Grace nodded. ‘It’s another possibility, Jon. But if it’s a revenge attack on Mickey for some past quarrel, I doubt from these photos anyone could mistake his brother, Stuie, for him, and besides, everyone would know Mickey is in prison.’ Thinking hard, he noted down Kids in his Policy Book. But he doubted that was the scenario here.

The dead man’s brother had pleaded guilty to very serious drugs importation charges on a scale rarely encountered in Sussex. His — as yet unproven — associate Terence Gready was currently on trial for his part in those offences of drug importation and distribution. The two men were suspected of running a major county lines distribution network. The masterminds of these networks were brutal people. They would stoop as low as it took, and they were operating in waters teeming with rivals. They could have any number of enemies, all after the same lucrative business. And any of these, knowing the two men were currently out of action, might be behind the break-in. Stuie could simply have been collateral damage. Getting in the way of their search of the house.

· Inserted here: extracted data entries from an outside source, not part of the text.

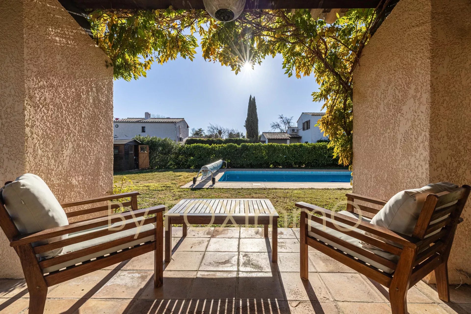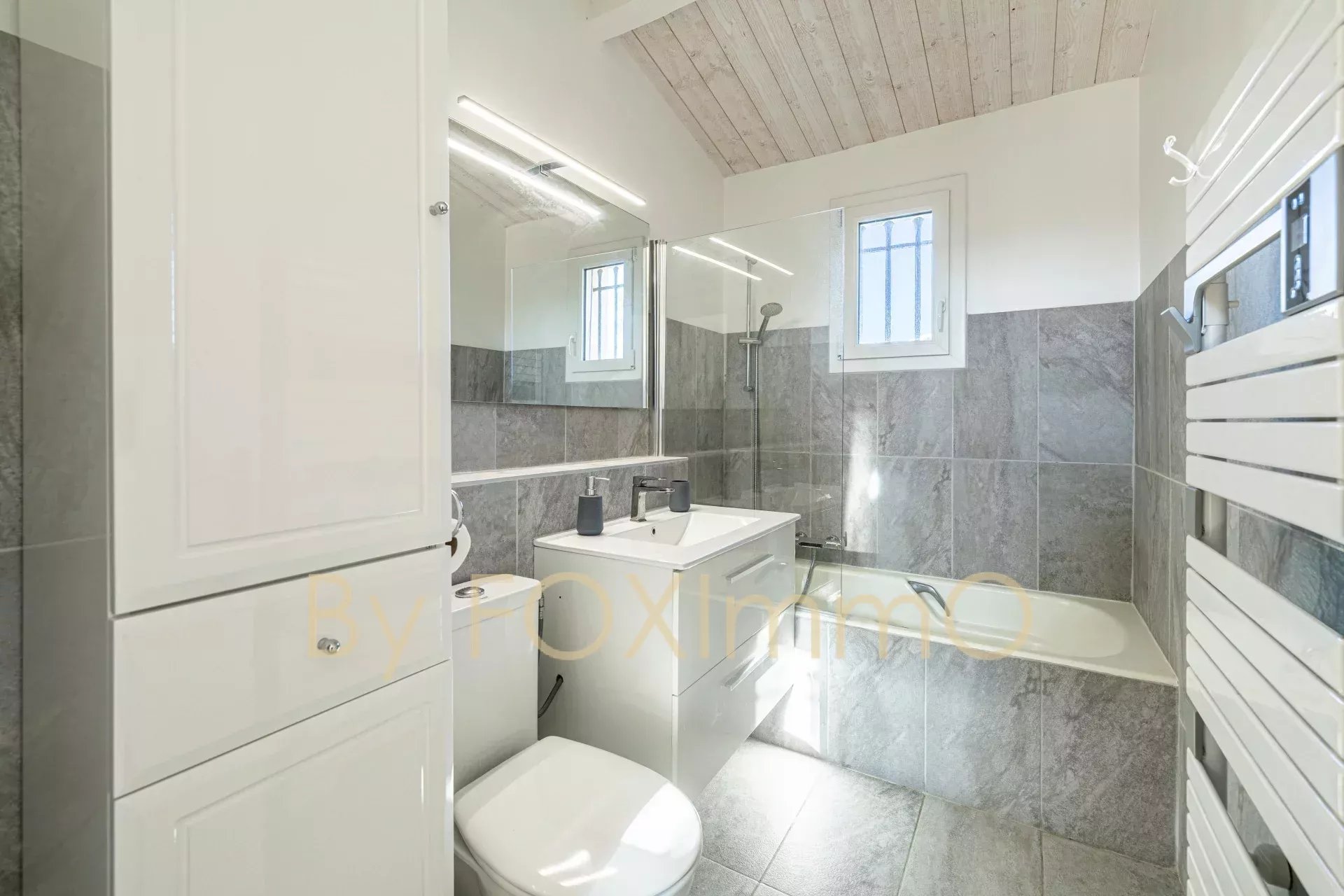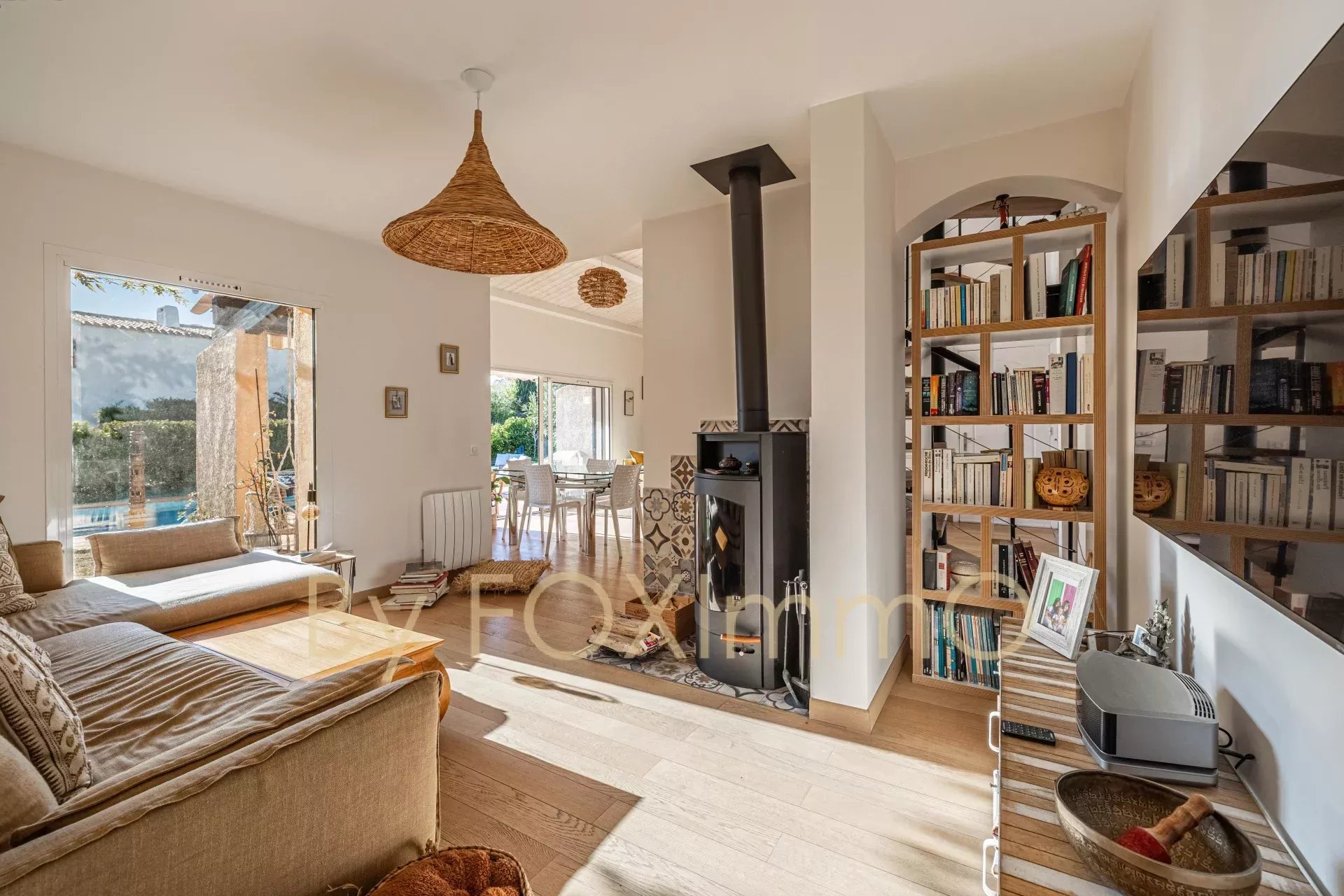 Venite a scoprire questa magnifica casa, completamente ristrutturata nel 2021, di circa 148 m2 su un terreno pianeggiante di circa 855 m2 con una grande piscina 10x5, situata in un piccolo complesso in una zona tranquilla e ricercata vicino al centro di Antibes. La casa comprende, al piano terra, un soggiorno/sala da pranzo con stufa a legna, una cucina aperta attrezzata, un WC per gli ospiti, una camera da letto principale, uno spogliatoio, un bagno con doccia e un ufficio con una piccola camera da letto aggiuntiva adiacente. Al piano superiore, un'ampia camera da letto con terrazza privata, una seconda camera da letto con soppalco e un bagno con servizi igienici. Un garage e diversi posti auto esterni completano questa proprietà. Le spese di agenzia a carico dell'acquirente sono incluse nel prezzo di vendita. Rif.: SBEABE3776 Le informazioni sui rischi a cui è esposto questo immobile sono disponibili sul sito web di Géorisques: georisques.gouv.fr
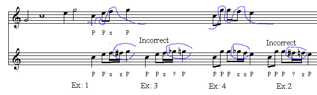 Dans ces exercices, les seules notes que l’on peut rajouter par rapport à la mélodie originale sont des notes de passages chromatiques. Elles doivent être placées entre des notes conjointes, distantes d’un ton. Si vous ajoutez des notes diatoniques comme ici (chromatisées ou non), vous obtenez une variation (qui sera d’ailleurs au programme du niveau II) mais ce n’est plus un exercice de chromatisme.
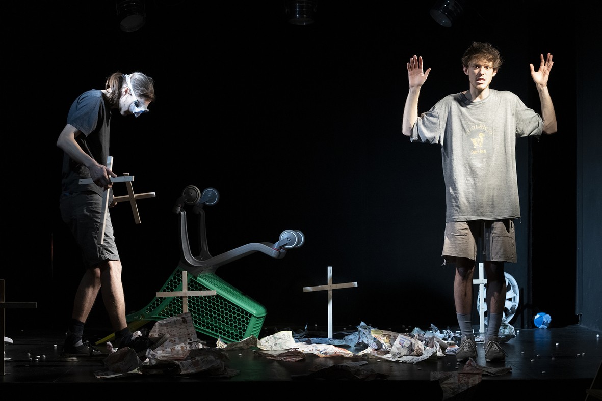 Venerdì 12 dicembre alle ore 21:30 è la volta di Niccolò Fettarappa e Lorenzo Guerrieri, straordinari giovani artisti, in scena con APOCALISSE TASCABILE, uno spettacolo pluripremiato che ha ottenuto notevole successo di pubblico. Un lavoro a doppiofondo che racconta la fine del mondo, ma è anche l’occasione per risvegliare quella “debole forza messianica” che secondo Benjamin si deposita in ogni generazione, in attesa d’essere portata alla luce per scardinare il mondo. Senza alcun preavviso, Dio compare in un supermercato in periferia di Roma e vi annuncia la fine del mondo. Per sua colpa e sfortuna, ad ascoltarlo c’è ben poca gente. A prenderlo sul serio c’è solo un giovanotto amorfo e sfibrato, da allora fatalmente destinato ad essere il profeta della fine dei tempi. Accompagnato da uno svogliato angelo dell’Apocalisse, il giovane apostolo si fa strada nell’abisso peccaminoso della città romana, per annunciare ai suoi abitanti la loro imminente fine. Il progetto apocalittico voluto da Dio sembra però fallire. La triste notizia annunciata però non sembra affatto scuotere chi già si dedica, con mortuaria solerzia, alla propria quotidiana estinzione.
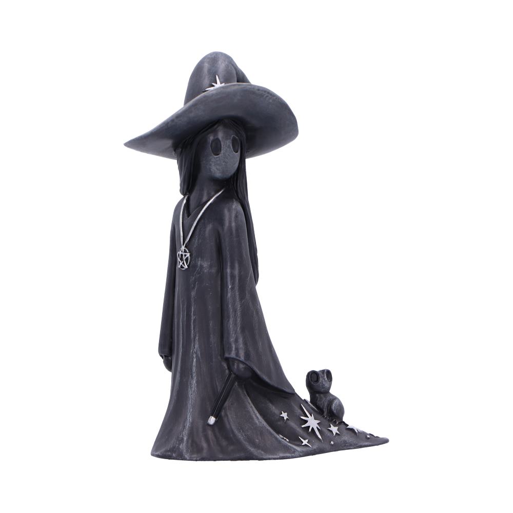 The Little Souls Sparkle Figurine by Nemesis Now is a charming collectible that captures the magic and mysticism. Featuring a black witch soul posed in an elegant stance with a small frog clinging onto the robe. Packaged in a beautifully designed Little Souls Nemesis Now gift box, it's perfect for fantasy collectors, gothic boutiques, or anyone who wants to add a touch of whimsy to their space. Bring home a little magic and let your imagination sparkle.

Could it be that whoever had done this had gone into the house to look for cash, or drugs, or maybe even Starr’s contacts list, and had been disturbed by Stuie? They’d had a fight with him and then, when they realized he was dead, they did a runner, in panic? He wrote that down too, as a third hypothesis.

‘Is there any CCTV in the area of this house?’ he asked the team.

‘The nearest was on a garage forecourt opposite, but we don’t know yet if it was actually working,’ EJ said. ‘We’ve been running an ANPR check on all vehicles picked up within twenty-four hours prior to the discovery of the body, but so far nothing. We can extend that time frame if necessary. We’ve also carried out a house-to-house, but so far nothing from any of the neighbours.’